Alas, the dreaded n-1 appears. Why? Shouldn’t it be the same formula? It was virtually the same formula for population mean and sample mean!

The short answer is: this is very complex, to such an extent that most instructors explain n-1 by saying the sample standard deviation will ‘a biased estimator’ if you don’t do it.

What is Bias, and Why is it There?

The Wikipedia explanation can be found here.

It’s not helpful.

To really understand n-1, just like any other brief attempt to explain Bessel’s Correction, requires holding a lot in your head at once. I’m not talking about a proof, either. I’m talking about truly understanding the differences between a sample and a population.

What is a sample?

A sample is always a subset of a population it’s intended to represent (a subset can be the same size as the original set, in the unusual case of sampling an entire population without replacement). This is a massive leap alone. Once a sample is taken, there are presumed, hypothetical parameters and distributions built into that sample-representation.

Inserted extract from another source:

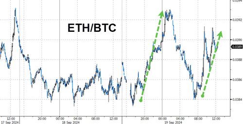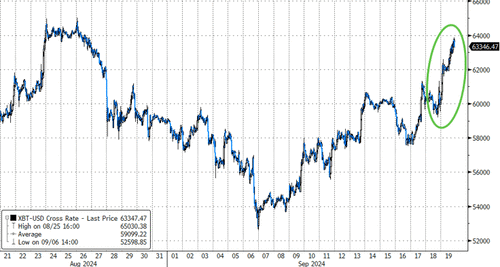 Bitcoin ripped higher today, testing up towards one-month highs at $64,000, right at the 200DMA (after breaking above the 50- and 100-DMA)...

The very word statistic refers to some piece of information about a sample (such as a mean, or median) which corresponds to some piece of analogous information about the population (again, such as mean, or median) called a parameter. The field of ‘Statistics’ is named as such, instead of ‘Parametrics’, to convey this attitude of inference from smaller to larger, and this leap, again, has many assumptions built into it. For example, if prior assumptions about a sample’s population are actually quantified, this leads to Bayesian statistics. If not, this leads to frequentism, both outside the scope of this post, but nevertheless important angles to consider in the context of Bessel’s correction. (in fact, in Bayesian inference Bessel’s Correction is not used, since prior probabilities about population parameters are intended to handle bias in a different way, upfront. Variance and standard deviation are calculated with plain old n).

But let’s not lose focus. Now that we’ve stated the important fundamental difference between a sample and a population, let’s consider the implications of sampling. I will be using the Normal distribution for the following examples for the sake of simplicity, as well as this Jupyter notebook which contains one-million simulated, Normally distributed data points for visualizing intuitions about samples. I highly recommend playing with it yourself, or simply using from sklearn.datasets import make_gaussian_quantiles to get a hands-on feel for what’s really going on with sampling.

Here is an image of one million randomly-generated, Normally distributed points. We will call it our population:

Just one million points

To further simplify things, we will only be considering mean, variance, standard deviation, etc., based on the x-values. (That is, I could have used a mere number line for these visualizations, but having the y-axis more effectively displays the distribution across the x axis).

This is a population, so N = 1,000,000. It’s Normally distributed, so the mean is 0.0, and the standard deviation is 1.0.

I took two random samples, the first only 10 points and the second 100 points:

100-point sample in black, 10-point sample in orange, red lines are one std from the mean

Now, let’s take a look at these two samples, without and with Bessel’s Correction, along with their standard deviations (biased and unbiased, respectively). The first sample is only 10 points, and the second sample is 100 points.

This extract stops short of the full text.